Il boia non va in vacanza. Il vento delle Primavere arabe non è riuscito a placare i «Paesi boia», anzi: nel 2011 le esecuzioni capitali in Medioriente sono addirittura aumentate. A denunciarlo è stato Amnesty International nel suo rapporto annuale sulla pena di morte pubblicato il 27 marzo scorso. Pur mostrando come i Paesi che hanno fatto ricorso alla pena capitale siano diminuiti di oltre un terzo rispetto al decennio scorso, lo studio riporta dati allarmanti, in crescita rispetto al 2010. Decapitati, impiccati, fucilati o uccisi da un’iniezione letale: così sono morte almeno 676 persone nel corso del 2011. A queste vanno sommate le esecuzioni effettuate in Cina: una cifra difficile da definire visto che le autorità locali ritengono il numero dei condannati sul proprio territorio un segreto di Stato.

Mentre dalla Tunisia al Bahrein milioni di manifestanti scendevano in strada invocando la caduta dei loro regimi, gli apparati repressivi dei Paesi limitrofi facevano il possibile per terrorizzare i cittadini e dissuaderli dall’emulare i vicini rivoluzionari.
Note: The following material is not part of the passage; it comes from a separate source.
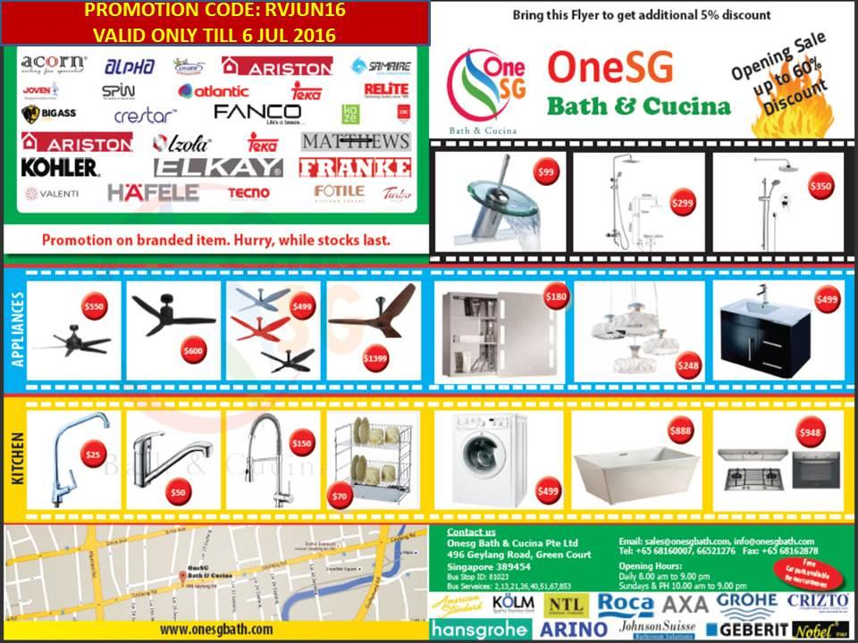 shankerp 0 Report post Posted June 14, 2016 (edited) ONESG BATH & CUCINA @ 496 GEYLANG ROADhttp://www.onesgbath.com/ ★ Massive Grand Opening + GSS + Hari Raya Sales! ★ Brand new built up showroom showcasing all the top brands ★USE #Kyoudai Promo Code: ✪RVJUN16✪ valid till 6 Jul 2016 only!!! ★Show photo of flyer with promo code OR print flyer to bring along ★ Additional discounts for: ✔New/Shifting homeowners (HDB/Condo/Landed) &✔Homes undergoing HDB Home Improvement Programme (HIP)✔Customers making Pre Hari Raya purchases ★1 x Lucky Draw chance JUST for a ✪LIKE✪ and ✪SHARE✪ https://www.facebook.com/kyoudaiexchange/posts/250270058683921 ★5 x Additional Lucky Draw chances for sending us a photo of your receipt with your details to mail.kyoudai@gmail.com by 6 Jul 2016 2359H. ★Lucky Draw Prizes up for grabs: 2 x EuropAce Garment Steamers ★Lucky Draw will be held on 7 Jul 2016 and winners will be notified via FaceBook Message. Our esteemed suppliers:#americanstandard #kolm #ntl #roca #axa #grohe #crizto #hansgrohe#arino #johnsonsuisse #geberit #nobel #acorn #alpha #amasco #ariston#samaire #joven #spin #atlantic #teka #relite #bigass #crestar #fanco#kaze #kdk #lzola #matthews #kohler #elkay #franke #valenti #hafele #tecno #fotile #turbo ✔✔✔We would also love to talk to Interior Designers, Renovation Contractors and Affiliates for purposes of business development. Do get in touch!✔✔✔ https://www.facebook.com/kyoudaiexchange/ mail.kyoudai@gmail.com +65 91691476 Edited June 14, 2016 by shankerp Insert URL Share this post Link to post Share on other sites

A far salire alle stelle il numero delle condanne in Medioriente sono stati Iran e Arabia Saudita, che hanno mandato alla gogna anche cittadini accusati di reati come sodomia e stregoneria. «L'aumento delle condanne capitali in questi due Paesi giustifica, da solo, la differenza di 149 esecuzioni a livello mondiale rispetto ai dati del 2010», si legge sul rapporto. Le autorità di Teheran sarebbero responsabili della morte di almeno 360 persone, contro le 82 di Riyad. A queste si sommano le 68 condannate dell’Iraq e le 41 dello Yemen. Oltre che per rapina a mano armata e terrorismo, nei dintorni di Teheran si può finire sotto le mani del boia anche per adulterio, prostituzione, apostasia dell’Islam, stupro e omosessualità. Al di là dei numeri dichiarati, Amnesty ammette di aver ricevuto rapporti credibili nei quali si denunciano numerose esecuzioni non riconosciute, circa il doppio dei numeri ufficiali, che hanno avuto luogo sempre in Iran. Nel mese di dicembre, si sarebbe avvertita anche una «nuova ondata di condanne. Una strage di proporzioni impressionanti» che ha cercato di contenere i reati legati alla droga.

In testa alla classifica dei Paesi più crudeli si conferma la Cina, che detiene il record di esecuzioni. Pur cessando di «fornire dati basati su fonti pubbliche cinesi, poiché è probabile che sottostimino enormemente il numero effettivo delle esecuzioni», Amnesty non ha dubbi: «sono migliaia le persone messe a morte» da Pechino. Bielorussia a parte, l'Europa e lo spazio ex sovietico sono risultati esenti da esecuzioni, mentre gli Stati Uniti sono stati ancora una volta l’unico Paese americano e il solo membro del G8 a servirsi della pena capitale. Sono 43 i morti negli States, un dato recepito come un parziale successo da Suzanne Nossel, direttrice di Amnesty a Washington. «Abbiamo fatto progressi e anche la popolarità della pena di morte registra ogni giorno livelli più bassi». L’Illinois è diventato il sedicesimo Stato abolizionista e, rispetto al 2001, le condanne a morte sono dimezzate.

Altri dati inducono all’ottimismo. Per la prima volta in diciannove anni, in Giappone e a Singapore non sono state registrate esecuzioni. «Dibattiti pubblici sulla pena di morte e la sua abolizione sono stati tenuti in Paesi come Cina, Corea del Sud, Malesia e Taiwan». La Sierra Leone ha istituito una moratoria ufficiale sulle esecuzioni ed è confermato che un documento simile è stato adottato in Nigeria. Anche se nel 2011 il trend verso l'abolizione della pena di morte ha segnato passi concreti e significativi, ai governanti che continuano a ricorrere alla pena capitale Amnesty parla chiaro: «Non siete al passo col resto del mondo. È tempo che prendiate iniziative per porre fine alla più crudele, disumana e degradante delle punizioni».